> Collected material:

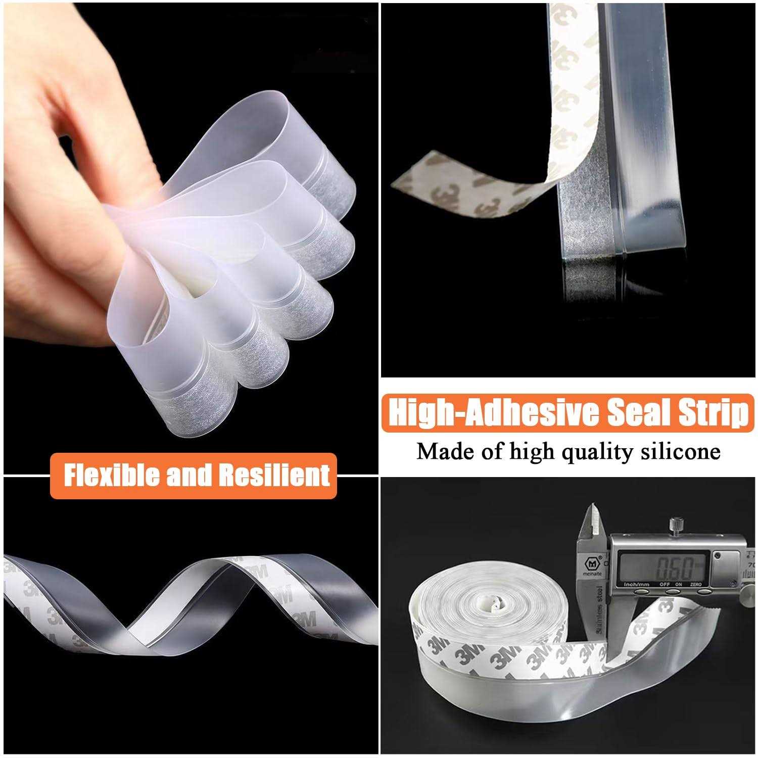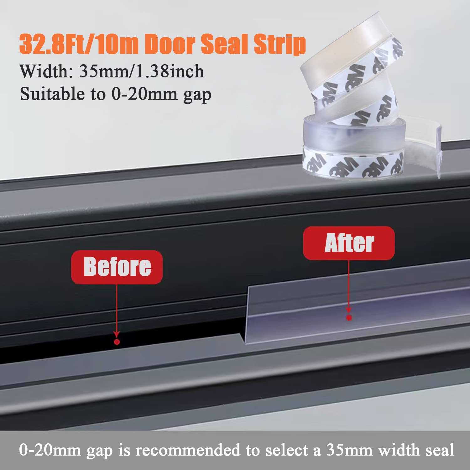 Dstorelhp 32.8ft Silicone Weather Stripping Tape for Doors, Windows, Shower – Self Adhesive Door Draft Stopper and Seal Strip (Transparent, 35mm)
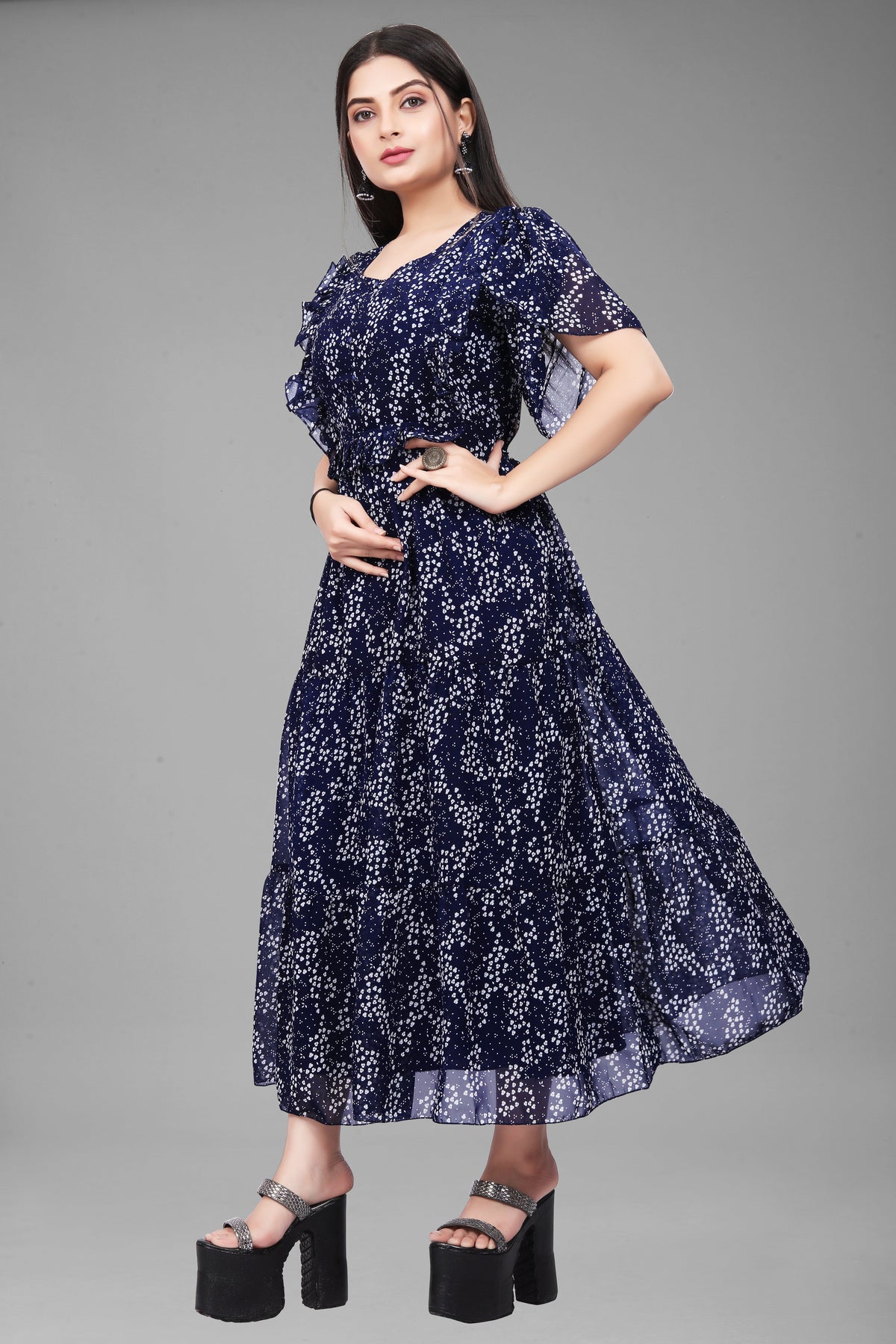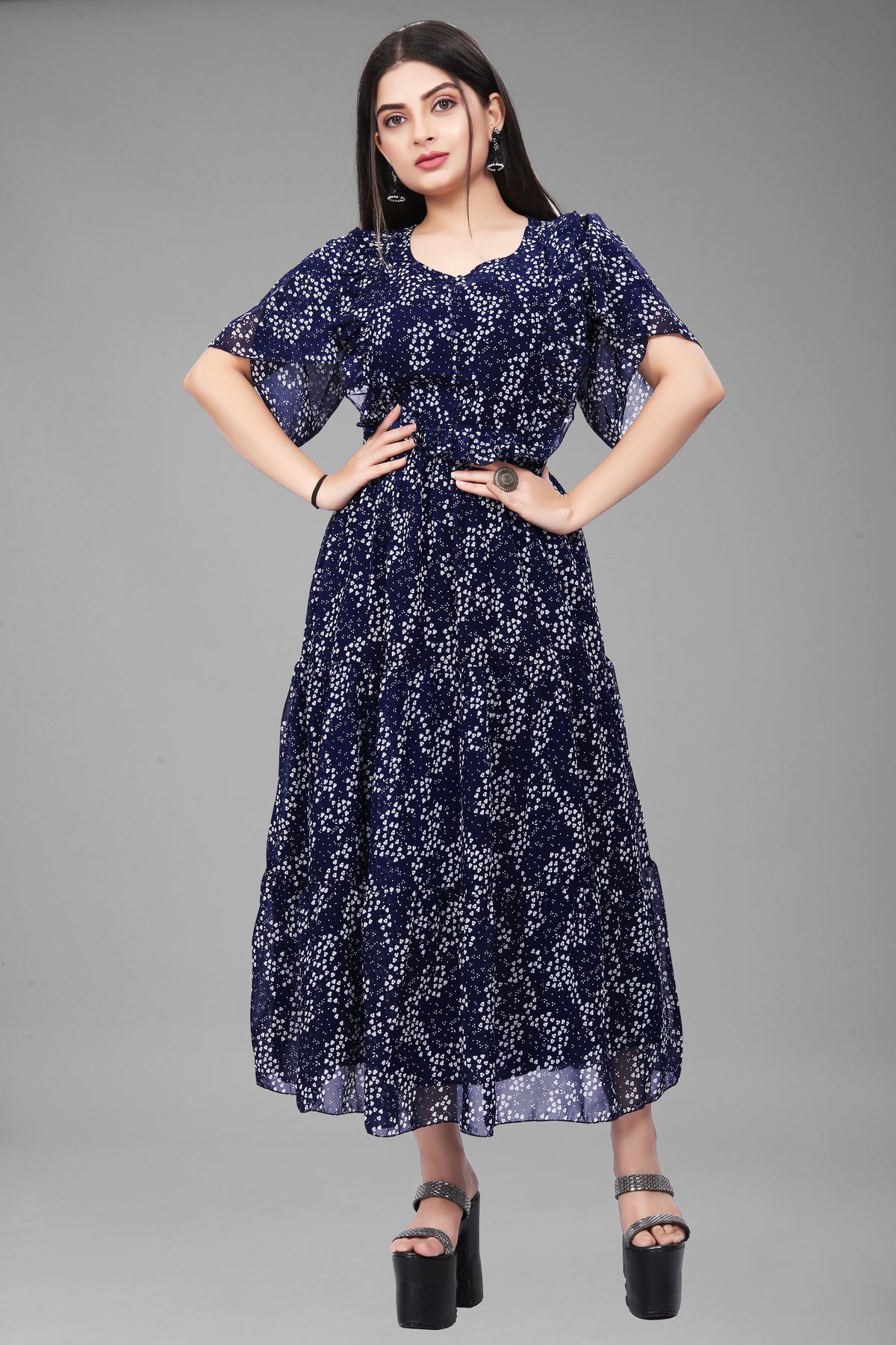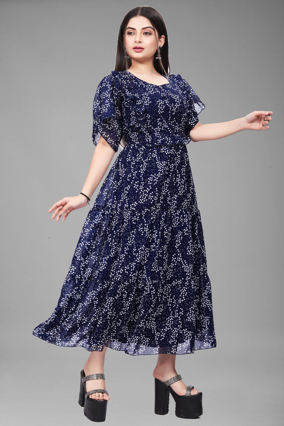 Women's Blue Georgette Digital Printed Gown - Pr Fashion
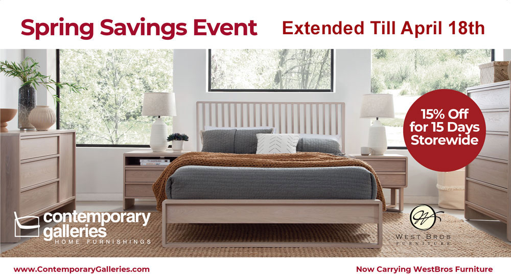 We Love Spring! We also Love Our Customers so we have decided to Extended our Spring Sale an additional 2 weeks. Savings of 15% Off Regular Prices Storewide except Everyday Value Items or Clearance Items. This 15% Discount is good on In-stock Items as well as Special Orders. We have just received many new products that are also on sale for this limited time and are now on our showroom as well as new brands like IMG Comfort and West Bros Furniture.
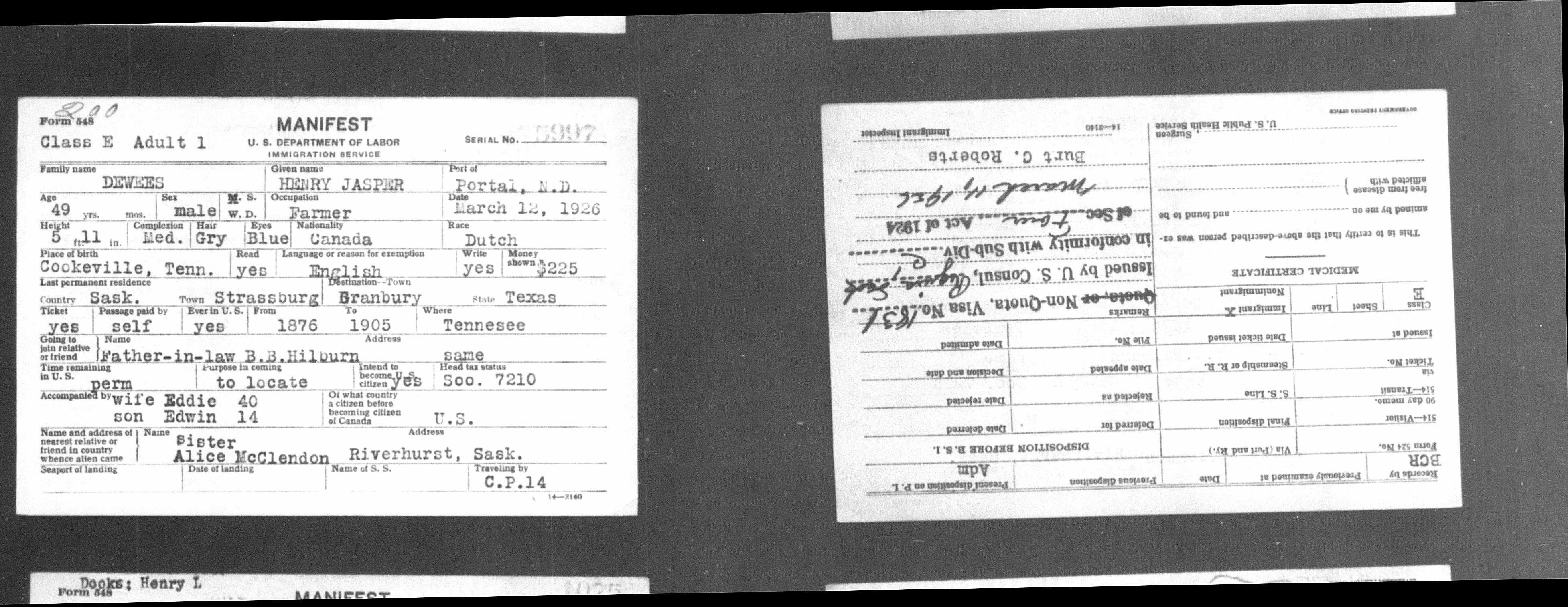 1527. Henry Jasper Dewees, “Vermont, St. Albans Canadian Border Crossings, 1895-1954,” March 12, 1926, Portal, ND, https://www.familysearch.org/ark:/61903/1:1:QK3T-SGRG.

> Action item: Copy the preceding data in full and word for word, dropping its pictures.

> Result of this exercise:
 Dstorelhp 32.8ft Silicone Weather Stripping Tape for Doors, Windows, Shower – Self Adhesive Door Draft Stopper and Seal Strip (Transparent, 35mm)
 Women's Blue Georgette Digital Printed Gown - Pr Fashion
 We Love Spring! We also Love Our Customers so we have decided to Extended our Spring Sale an additional 2 weeks. Savings of 15% Off Regular Prices Storewide except Everyday Value Items or Clearance Items. This 15% Discount is good on In-stock Items as well as Special Orders. We have just received many new products that are also on sale for this limited time and are now on our showroom as well as new brands like IMG Comfort and West Bros Furniture.
 1527. Henry Jasper Dewees, “Vermont, St. Albans Canadian Border Crossings, 1895-1954,” March 12, 1926, Portal, ND, https://www.familysearch.org/ark:/61903/1:1:QK3T-SGRG.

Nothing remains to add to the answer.